In this article I use the example Web application WASDG, which was used throughout my book, IBM WebSphere Application Server Programming. In addition, for brevity and generic notation of WAS commands, I will use the WASDG environment notation (also defined in my book). For example, $WASLOG_STDOUT refers to the fully specified name of the file to which WAS writes the standard output messages; $SEAPPINSTALL refers to SEAppInstall, $WASSTOP; and $WASSTART refers to the combined command to restart WAS. The test environment for the risk management scenario consisted of Pentium III, 750MHz, 2GB RAM, Linux servers running Red Hat v7. The applications used are WebSphere Application Server Single Server Edition v4, downloadable from www.ibm.com; and WASLED/WASMON v1.2.2, downloadable from www.tcnd.com.

Defining/Asserting the Operability of a WebSphere Region
A WebSphere region encompasses many server machines running processes to render the functionality of a WebSphere domain and its Web applications. A WebSphere region therefore consists of servers that are running WAS processes, an HTTP server, one or more database servers, and a monitoring application such as WASLED/WASMON. WAS processes are typically running to fulfill any of the following:

  • To store and retrieve information from the WAS configuration repository
  • To manage and serve requests redirected by the HTTP server
  • To service or to organize workload distribution
  • To supervise WAS containment and cache cleanup (for the Web container and the EJB container)

    A WebSphere region is termed valid and operational when all the necessary resources and services hosted by the server machines are in place and able to serve the Web applications. Consider the WebSphere region depicted in Figure 1.

    In this figure, the Internet server hserv.tcnd.com is an HTTP server that is patched with WAS's vendor plug-in to forward requests to the WAS server at node1.tcnd.com. The session persistence database and the DataSource are managed by the UDB server installed on db.tcnd.com. Let's take a look at how you can use WASMON to monitor the servers and resources in a WebSphere region.

    The WASMON Application
    WASLED/WASMON v1.2.2 can be downloaded from www.tcnd.com. For the remainder of this article I will refer to WASLED/WASMON simply as WASMON, unless it is necessary to make a distinction between the two.

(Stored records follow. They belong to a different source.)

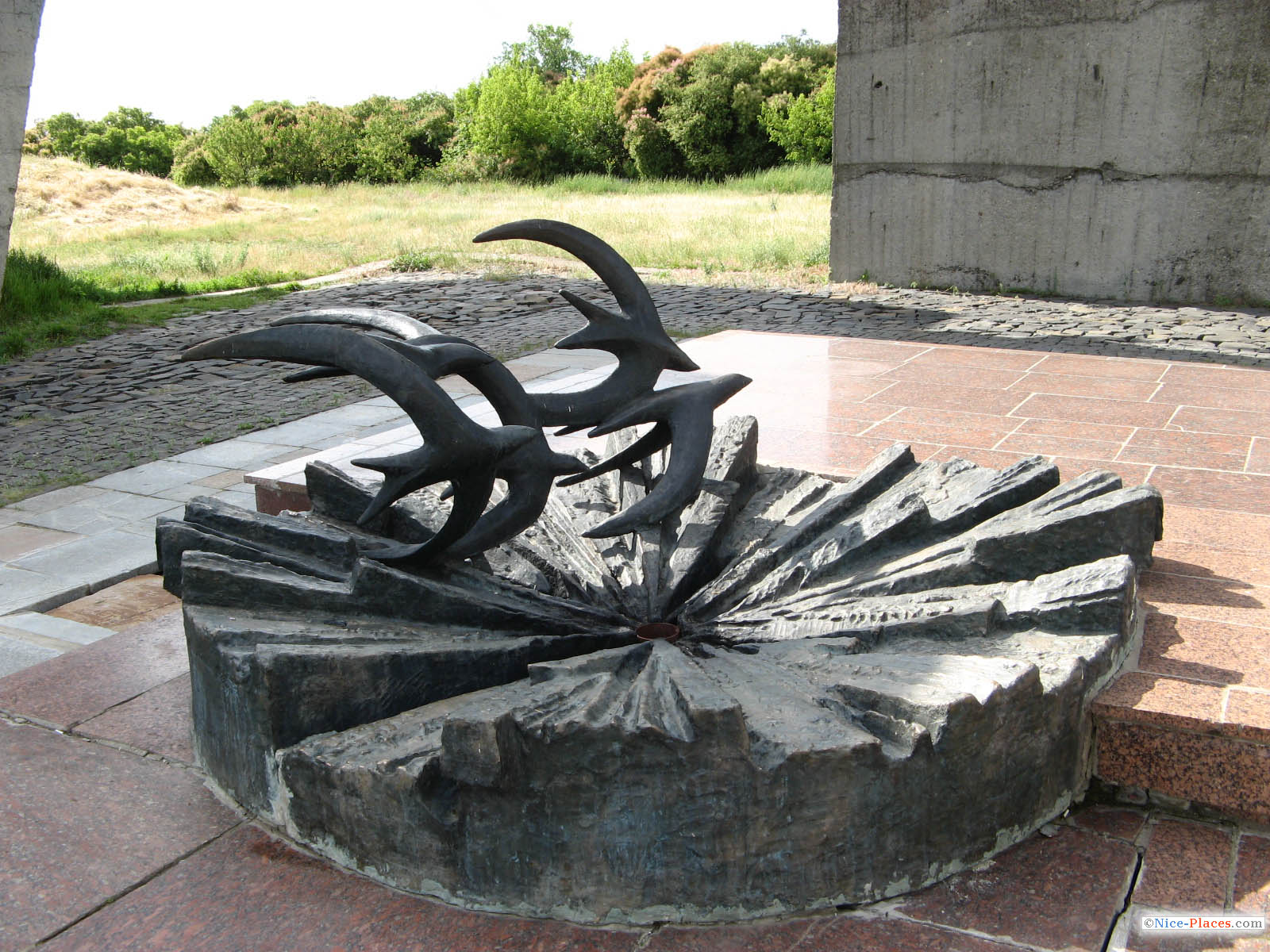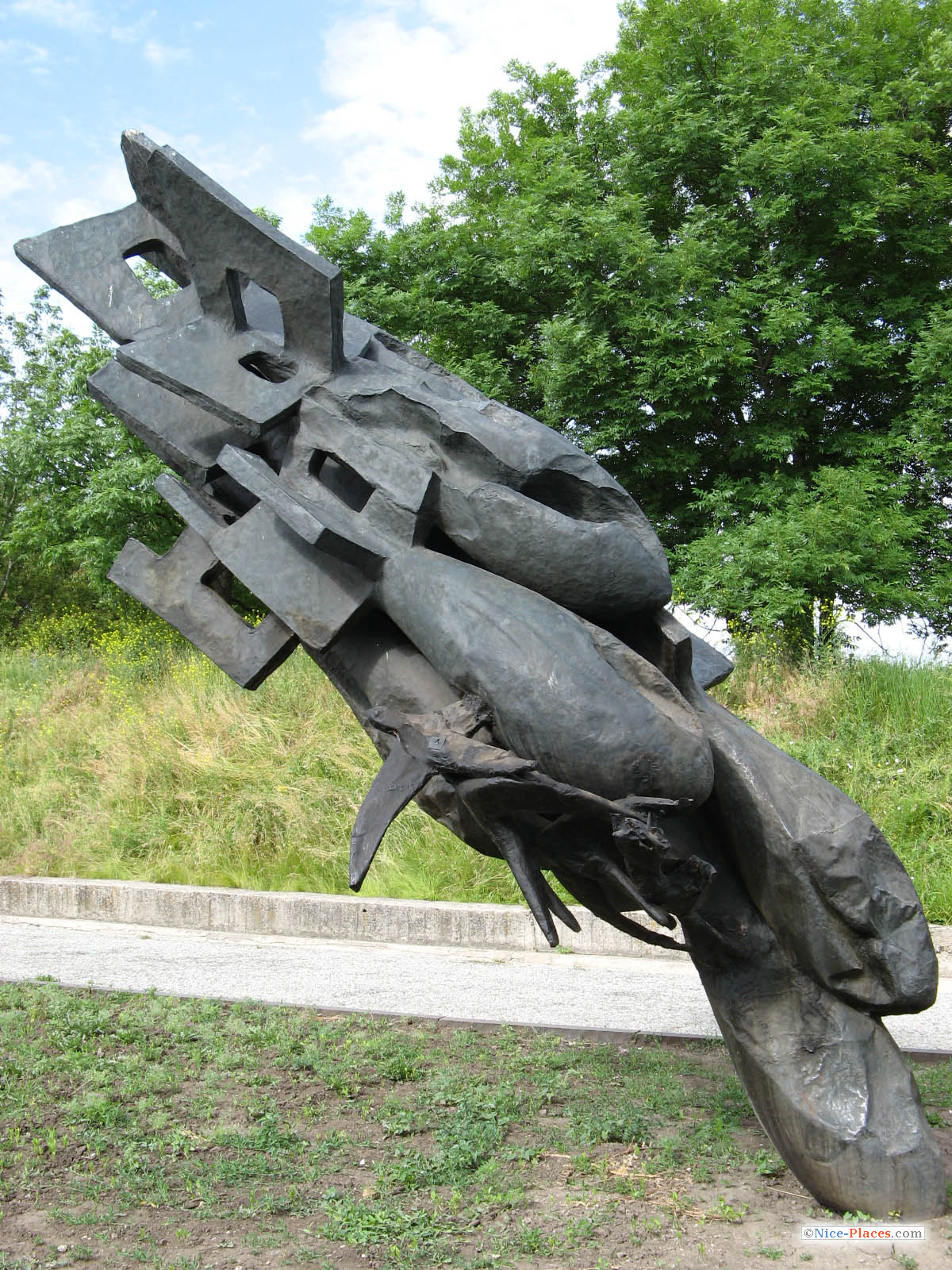 На горе находится еще несколько памятников, уже более близкой к нам истории. Это белокаменный обелиск - установленный на месте жестокой расправы деникинцев над 94 политическими узниками изюмской тюрьмы.
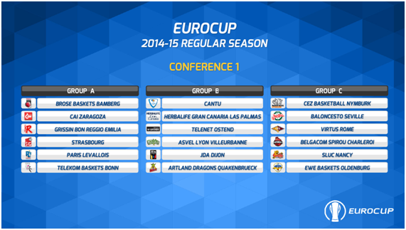 Los equipos españoles pertenecen a la primera conferencia. A priori, el grupo A, donde ha terminado el CAI ZARAGOZA, será el más complicado. Le espera el Brose Baskets Bamberg que se quedara a una victoria de alcanzar el Top16 de la Euroliga o discutirle al título al Bayern Munich en su quinta final consecutiva de la liga alemana; el ambicioso proyecto del Paris Levallois que ya se hizo notar en la copa y playoffs franceses, el potente Telekom Baskets Bonn, el Grissin Bon Reggio Emilia campeón de la Eurochallenge con Rimantas Kaukenas al frente y refuerzos de la talla de Darjus Lavrinovic y el Strasbourg. Equipos con nombre y/o recorrido en competiciones europeas.
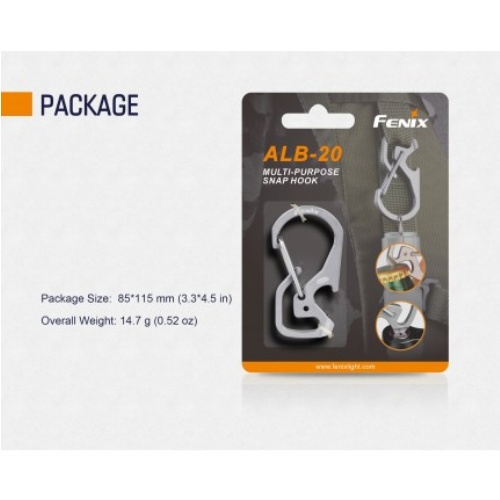 Este Mosqueton ALB-20 de Fenix, esta fabricado en itanio TC4, la superficie está pulida finamente con chorro de arena, para darle un aspecto mate y una textura delicada.
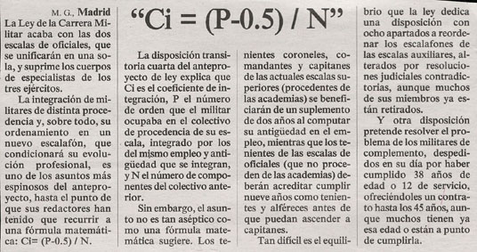Pero las fórmulas aparecen en nuestro entorno cotidiano en el momento más insospechado. En el siguiente recorte del periódico El País (20/11/2006), aparece una fórmula que se utiliza para organizar la movilidad dentro del escalafón militar, y con la que más adelante trabajaremos.

    WASMON consists of two main programs, wasmon and wasmonhelper, along with miscellaneous programs such as wasmoncl, the client that connects to wasmon; wasmontkt, the ticket and configuration checker; and wasmonvar, the directive-to-variable mapper.

    WASMON monitors WAS without using any WebSphere APIs. The application permits monitoring of the WAS runtime or of a Web application runtime simply by preprocessing the WAS log file or the Web application log file. Such monitoring is therefore dependent on the logging of information to a file system. WASMON also offers a supervisor that allows you to monitor a WebSphere region independently of the log files. The WASMON supervisor mode evolved to ensure that a WebSphere region is operational whenever data ceases to flow (or no more exceptions are thrown) from WAS components or the hosted Web applications.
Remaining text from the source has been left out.